Rekayasa Genetik Nyamuk untuk Membasmi Malaria dan DBD

Gio Nathaniel
Biologi Sintetik Indonesia
6 min readAug 31, 2022
Nyamuk Anopheles sebagai Vektor Malaria
Nyamuk Anopheles sebagai Vektor Malaria (sumber: scientistsagainstmalaria.net)
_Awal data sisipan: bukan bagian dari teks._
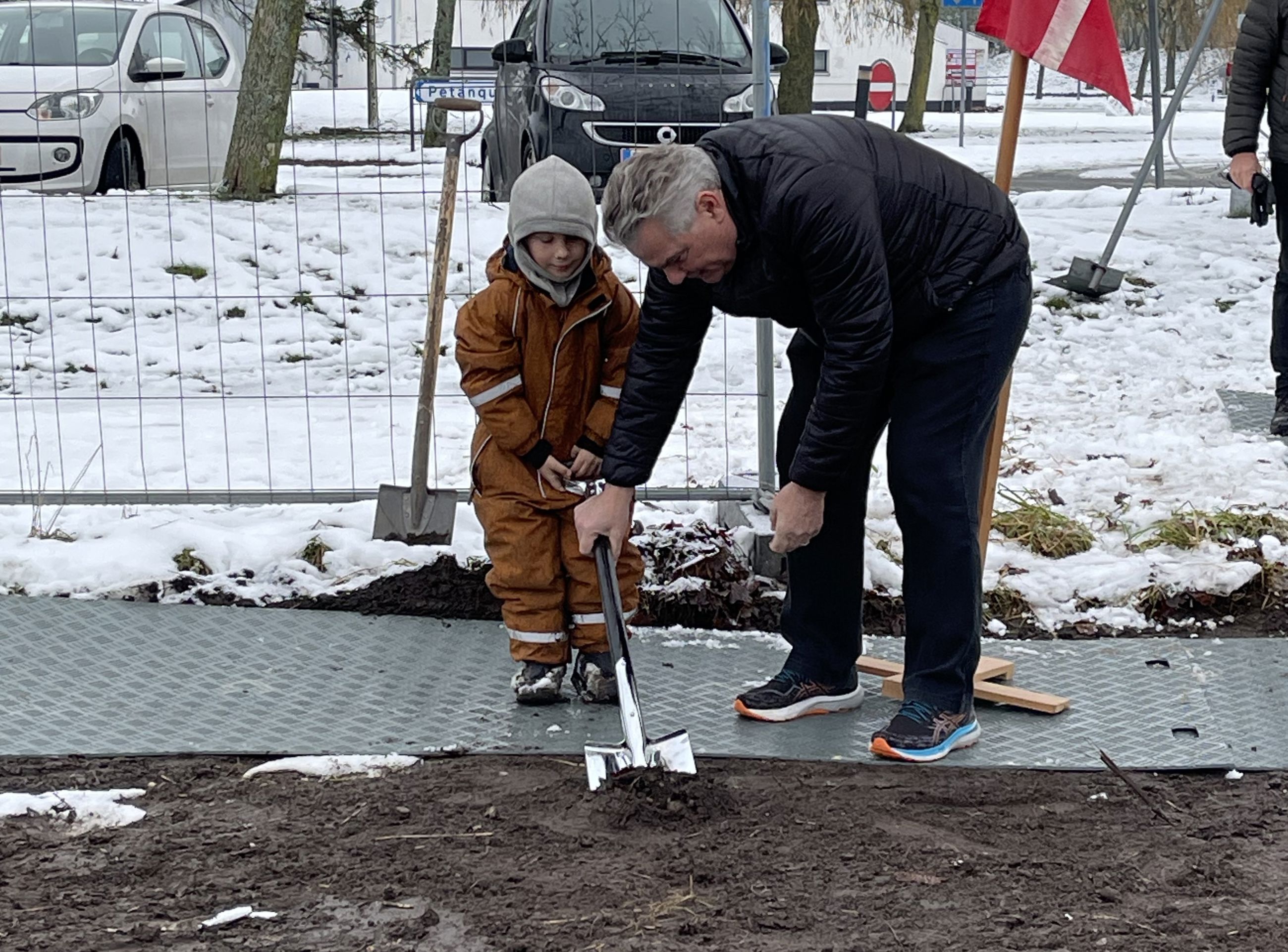 Torsdag den 7. december 2023 markerede Børne- og familieudvalget og 2. viceborgmester, Mogens Nyholm, starten på byggeriet af Randers Kommunes nye daginstitution i Dronningborg.

Ah, banyak banget sih nyamuk.”

Begitulah ujaran yang sering saya dengar setelah 20 tahun tinggal di bumi nusantara ini. Setiap turun hujan, selalu ada peningkatan jumlah nyamuk yang berhubungan lurus dengan peningkatan emosi di hari itu. Jika anda pernah mengunjungi daerah sekitar Fakultas Teknik UI, pasti pernah merasakan ganasnya nyamuk-nyamuk di sana. Belum lagi daerah yang pastinya lebih dekat dengan permukaan air yang luas, seperti danau dan waduk.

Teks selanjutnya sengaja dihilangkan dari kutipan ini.